Since December 27, 1993, the Company has paid regular quarterly cash dividends of $0.165 (sixteen and one-half cents) per share on its Class A Common Stock and $0.15 (fifteen cents) per share on its Class B Common Stock for an annual rate of $0.66 and $0.60 per share, respectively. Because of increased tax rates on dividends that went into effect in January 2013, the Company paid in December 2012 a special dividend equal to $0.66 cents per each Class A share and $0.60 cents per each Class B share. The Company also accelerated the payment of the regular quarterly January 2013 dividend into December 2012. Both dividends were declared on December 7, 2012, payable on December 31, 2012 to shareholders of record on December 21, 2012. The next scheduled regular quarterly cash dividend of $0.165 (sixteen and one-half cents) per share on its Class A Common Stock and $0.15 (fifteen cents) per share on its Class B Common Stock is expected to be declared and paid in April 2013.

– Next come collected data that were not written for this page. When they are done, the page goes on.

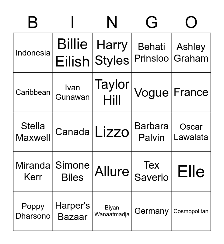 This bingo card has a free space and 24 words: Simone Biles, Harper's Bazaar, Taylor Hill, Poppy Dharsono, Ashley Graham, Indonesia, Caribbean, Billie Eilish, Barbara Palvin, Allure, Vogue, Stella Maxwell, Tex Saverio, Elle, Ivan Gunawan, Germany, Oscar Lawalata, Harry Styles, France, Canada, Cosmopolitan, Miranda Kerr, Behati Prinsloo and Biyan Wanaatmadja.
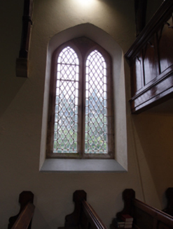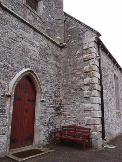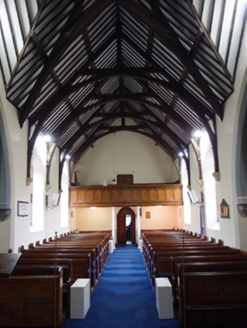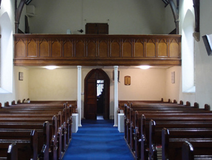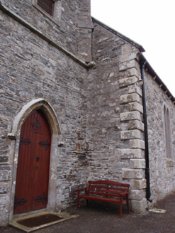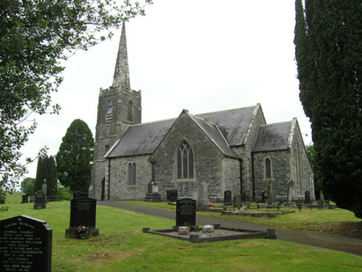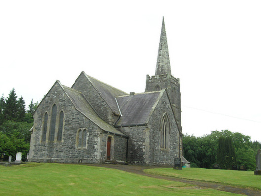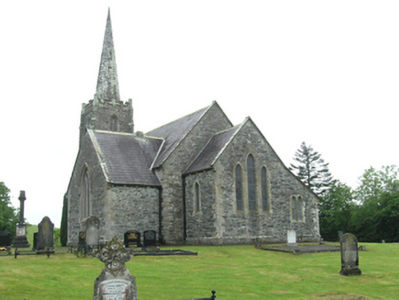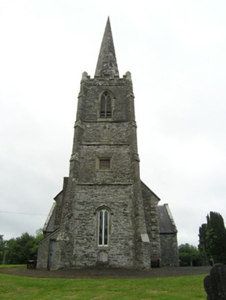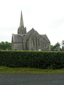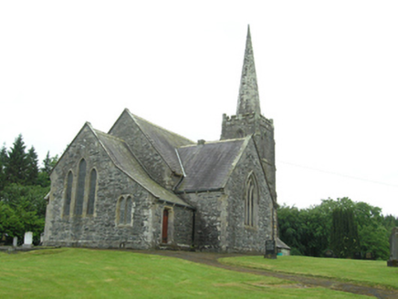 Freestanding cruciform-plan Church of Ireland church, built 1796, with centrally placed four-stage entrance tower to west gable having octagonal-profile ashlar spire addition, c.1820, transepts and chancel additions and interior refurbishments dating to 1860-61, and vestry attached to north side of chancel. Pitched slate roof with clay ridge tiles, barge stones to gable with ogee kneelers at eaves, cast-iron rainwater goods carried on corbels. Cut-stone chimneystacks to transepts. Crenellated ashlar parapet with plain corner turrets to tower. Roughly coursed rubble sandstone walls having raised ashlar quoins to nave, flush quoins to later transepts and chancel, and plinths to transepts and chancel. Tower turrets set above stepped diagonal corner buttresses with weatherings at four stages. Random rubble stone walls to tower, having moulded string courses marking stages. Paired lancets to nave, triple-light windows to transept with switch-line tracery, hood mouldings, and label stops. Pointed louvred belfry openings to fourth stage of tower, short blind lancets to third stage, square-headed openings to second stage with louvre infill and splayed sides. Double light lancet to west of first stage with hood moulding and label stops. Graduated triple lancet to chancel. Paired lancets with splayed jambs and cusps to vestry. Entrance in south elevation of tower with pointed arch opening having timber sheeted double doors. Interior with timber open arch-braced collar roof with wall posts rising from corbels between bays. Transepts decorated with reduced inner order rising from plain triangular corbels with a lower plainly treated chancel arch. Gallery at west end retains early plainly treated front with trefoil headed arched panels supported on cast-iron clustered colonettes. Straight-backed bench seats, pulpit, reader’s desk, and communion rails all date to 1860-1 refurbishment. Stained glass dates to 1890-1905 period, while nave windows retain diamond patterned paned clear glass. Decorative clay floor tiles in chancel with timber step to front, and raised timber floor below pews. Surrounded by graveyard and bounded by rubble stone piers with pyramidal cappings flanking wrought-iron double gates to south-east and recent metal pedestrian gate to north-east.
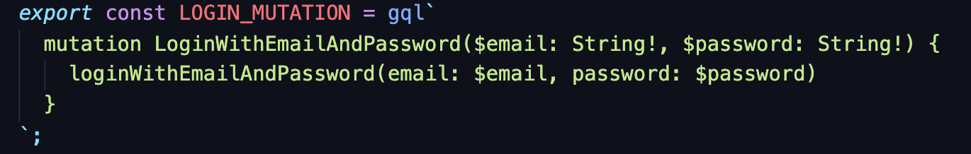위처럼 뮤테이션 코드를 작성했고 반환은 String이었기 때문에 따로 추가할 게 없었다.
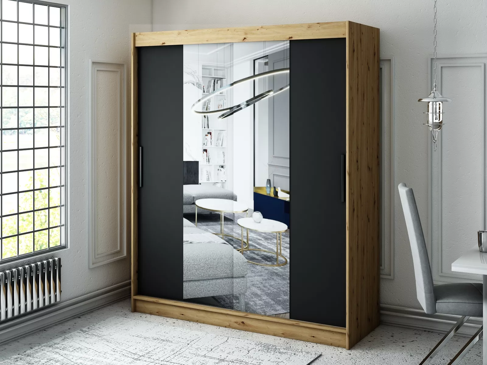 Šatní skříň s posuvnými dveřmi LURDES 2 - šířka 180 cm, dub artisan / černá
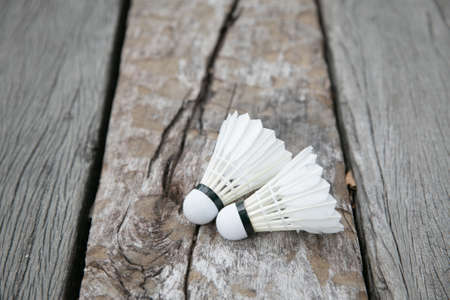 Shuttlecock for badminton on wooden background

The Company expects to continue paying regular cash dividends on a quarterly basis. However, the Board of Directors periodically reconsiders the declaration of dividends. The Company pays these dividends at the discretion of the Board of Directors and the continuation of these payments, the amount of such dividends, and the form in which the dividends are paid (cash or stock) depends upon the results of operations, the financial condition of the Company and other factors which the Board of Directors deems relevant. In addition, the Notes, long-term debt and the lines of credit contain provisions that, based on certain financial parameters, restrict the ability of the Company to pay additional cash dividends in excess of current quarterly per share amounts. Further, the Company is prevented from declaring dividends at any time that it is in default under the indenture governing the Notes.

Seasonality

Sales in the grocery segment of the Company’s business are subject to a slight seasonal variance due to holiday related sales and sales in areas where seasonal homes are located. Sales are traditionally higher in the Company’s first fiscal quarter due to the inclusion of sales related to Thanksgiving and Christmas. The Company’s second fiscal quarter traditionally has the lowest sales of the year. In the third and fourth quarter, sales are affected by the return of customers to seasonal homes in the Company’s market area. The fluid dairy segment of the Company’s business has slight seasonal variation to the extent of its sales into the grocery industry. The Company’s real estate segment is not subject to seasonal variations.

 

17


Table of Contents

Impact of Inflation

The following table from the United States Bureau of Labor Statistics lists annualized changes in the Consumer Price Index that could have an effect on the Company’s operations. One of the Company’s significant costs is labor, which increases with general inflation. Inflation in energy costs affects both the Company’s gasoline sales and distribution expenses.

 

     THREE MONTHS ENDED  
     DECEMBER 29,
2012
    DECEMBER 24,
2011
 

All items

     (0.1 )%      —  

Food and beverages

     0.2     0.1

Energy

     (1.9 )%      (1.6 )% 

Forward Looking Statements

This Quarterly Report contains certain forward-looking statements within the meaning of Section 21E of the Securities Exchange Act of 1934, as amended (the “Exchange Act”). The words “expect,” “anticipate,” “intend,” “plan,” “likely,” “goal,” “believe,” “seek” and similar expressions are intended to identify forward-looking statements. While these forward-looking statements and the related assumptions are made in good faith and reflect the Company’s current judgment regarding the direction of the Company’s business, actual results will almost always vary, sometimes materially, from any estimates, predictions, projections, assumptions or other future performance suggested herein. Such statements are based upon a number of assumptions and estimates which are inherently subject to significant risks and uncertainties, many of which are beyond the Company’s control. Some of these assumptions inevitably will not materialize, and unanticipated events will occur which will affect the Company’s results. Some important factors (but not necessarily all factors) that affect the Company’s revenues, growth strategies, future profitability and operating results, or that otherwise could cause actual results to differ materially from those expressed in or implied by any forward-looking statement, include business and economic conditions generally in the Company’s operating area; the Company’s ability to successfully implement its expansion and operating strategies and to manage rapid expansion; pricing pressures and other competitive factors; sudden or significant changes in the availability of gasoline and retail gasoline prices; the maturation of new and expanded stores; general concerns about food safety; the Company’s ability to reduce costs and achieve improvements in operating results; the availability and terms of financing; increases in labor and utility costs; success or failure in the ownership and development of real estate; changes in the laws and government regulations applicable to the Company; and other risks and uncertainties, including those contained in the Company’s Annual Report on Form 10-K for the year ended September 29, 2012, as updated or supplemented by subsequent quarterly reports on Form 10-Q and current reports of Form 8-K filed with the Securities and Exchange Commission.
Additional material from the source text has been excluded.